As it will possibly be seen within the above figure, the YOLO-World model utilizes the CSPLayer after the top-down or bottom-up fusion, and incorporates text-guidance into multi-scale image features, forming the Text-Guided CSPLayer, thus extending the CSPLayer. For any given image feature and its corresponding text embedding, the model adopts the max-sigmoid attention after the last bottleneck block to aggregate text features into image features. The updated image feature is then concatenated with the cross-stage features, and is presented because the output.

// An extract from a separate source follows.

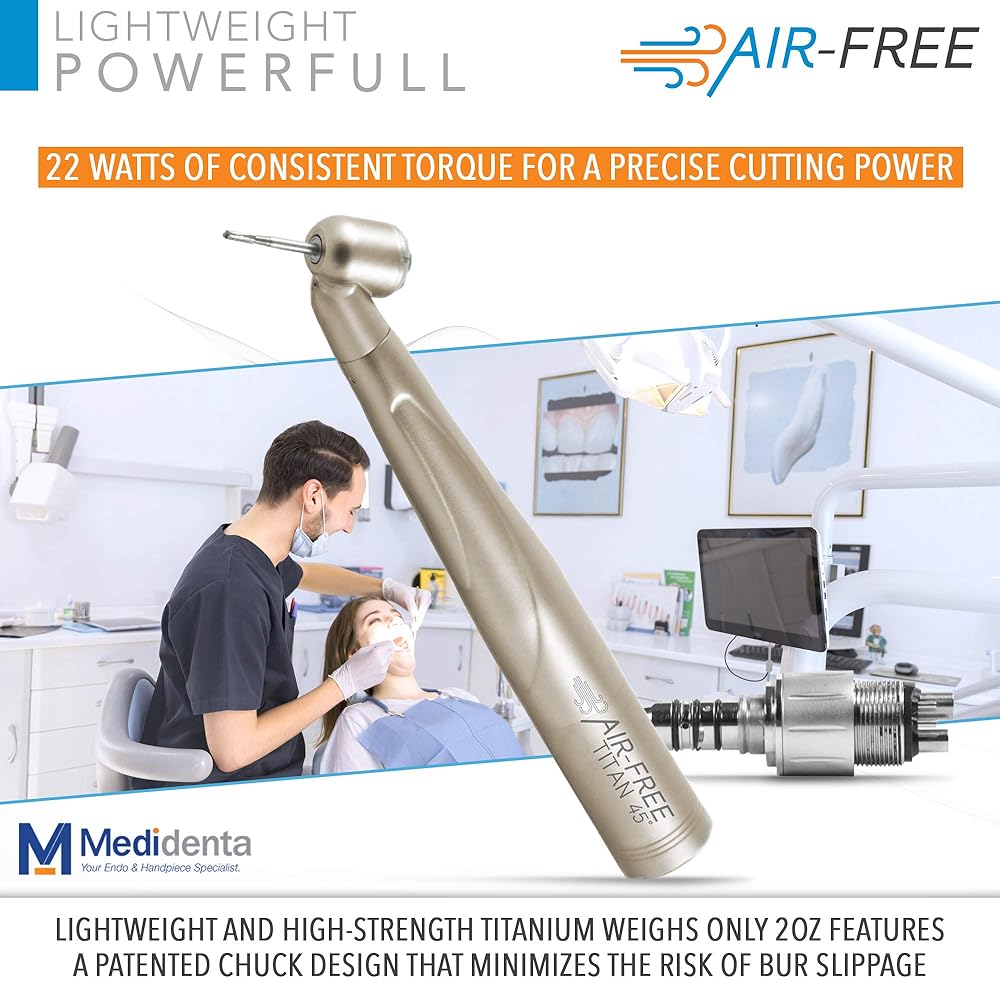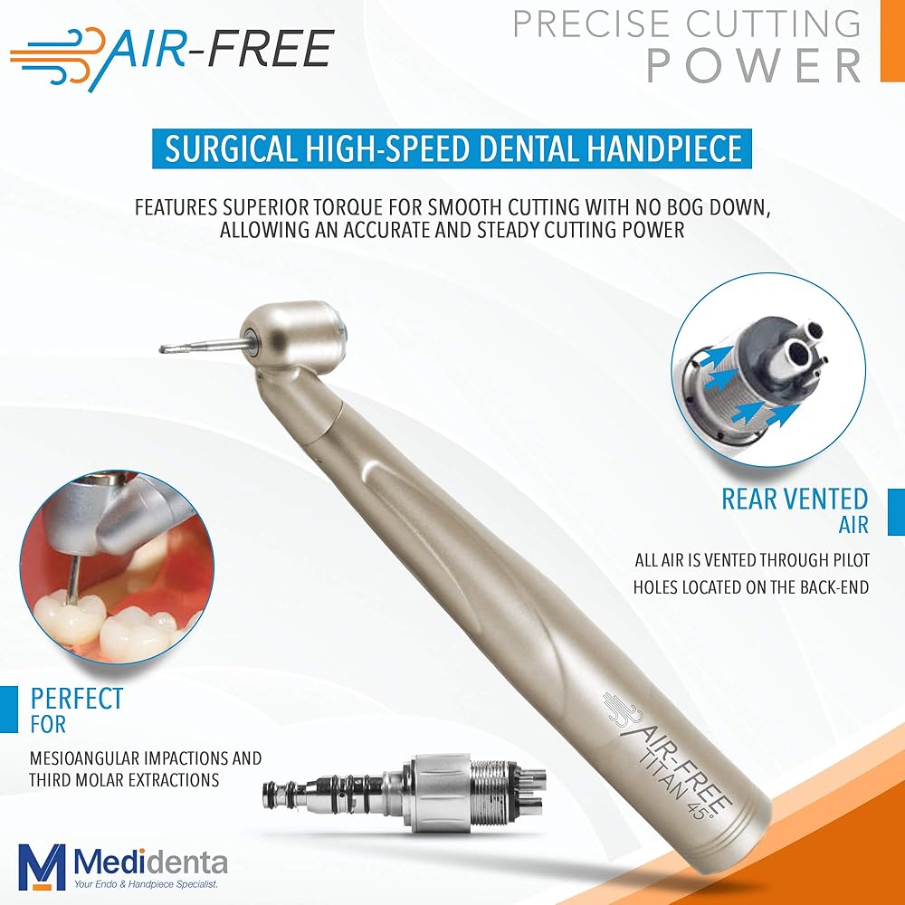 MEDIDENTA Air Free 45 Titan Surgical – High-Speed Dental Handpiece For Air-Free Debonding to Reduce Cold Sensitivity and Discomfort, 22Watts of Consistent Cutting Power

Moving on, the YOLO-World model aggregates image features to update the text embedding by introducing the Image Pooling Attention layer to reinforce the text embeddings with image aware information. As an alternative of using the cross-attention directly on image features, the model leverages max pooling on multi-scale features to acquire 3×3 regions, leading to 27 patch tokens with the model updating the text embeddings in the subsequent step.

Pre-Training Schemes

The YOLO-World model follows two primary pre-training schemes: Learning from Region-Text Contrastive Loss and Pseudo Labeling with Image-Text Data. For the first pre-training scheme, the model outputs object predictions together with annotations for a given text and mosaic samples. The YOLO-World framework matches the predictions with ground truth annotations by following and leveraging task-assigned label project, and assigns individual positive predictions with a text index that serves because the classification label. Alternatively, the Pseudo Labeling with Image-Text Data pre-training scheme proposes to make use of an automatic labeling approach as a substitute of using image-text pairs to generate region-text pairs. The proposed labeling approach consists of three steps: extract noun phrases, pseudo labeling, and filtering. Step one utilizes the n-gram algorithm to extract noun phrases from the input text, the second step adopts a pre-trained open vocabulary detector to generate pseudo boxes for the given noun phrase for individual images, whereas the third and the ultimate step employs a pre-trained CLIP framework to guage the relevance of the region-text and text-image pairs, following which the model filters low-relevance pseudo images and annotations.

YOLO-World : Results

Once the YOLO-World model has been pre-trained, it’s evaluated directly on the LVIS dataset in a zero-shot setting, with the LVIS dataset consisting over 1200 categories, significantly greater than the pre-training datasets utilized by existing frameworks for testing their performance on large vocabulary detection. The next figure demonstrates the performance of the YOLO-World framework with among the existing state-of-the-art object detection frameworks on the LVIS dataset in a zero-shot setting.

As it will possibly be observed, the YOLO-World framework outperforms a majority of existing frameworks when it comes to inference speeds, and zero-shot performance, even with frameworks like Grounding DINO, GLIP, and GLIPv2 that incorporate more data. Overall, the outcomes reveal that small object detection models like YOLO-World-S with only 13 million parameters could be utilized for pre-training on vision-language tasks with remarkable open-vocabulary capabilities.

Final Thoughts

In this text, we’ve got talked about YOLO-World, an progressive approach that goals to reinforce the talents of the YOLO or You Only Look Once framework with open vocabulary detection capabilities by pre-training the framework on large-scale datasets, and implementing the vision-language modeling approach. To be more specific, the YOLO-World framework proposes to implement a Re-parameterizable Vision Language Path Aggregation Network or RepVL-PAN together with region-text contrastive loss to facilitate an interaction between the linguistic and the visual information. By implementing RepVL-PAN and region-text contrastive loss, the YOLO-World framework is in a position to accurately and effectively detect a big selection of objects in a zero-shot setting.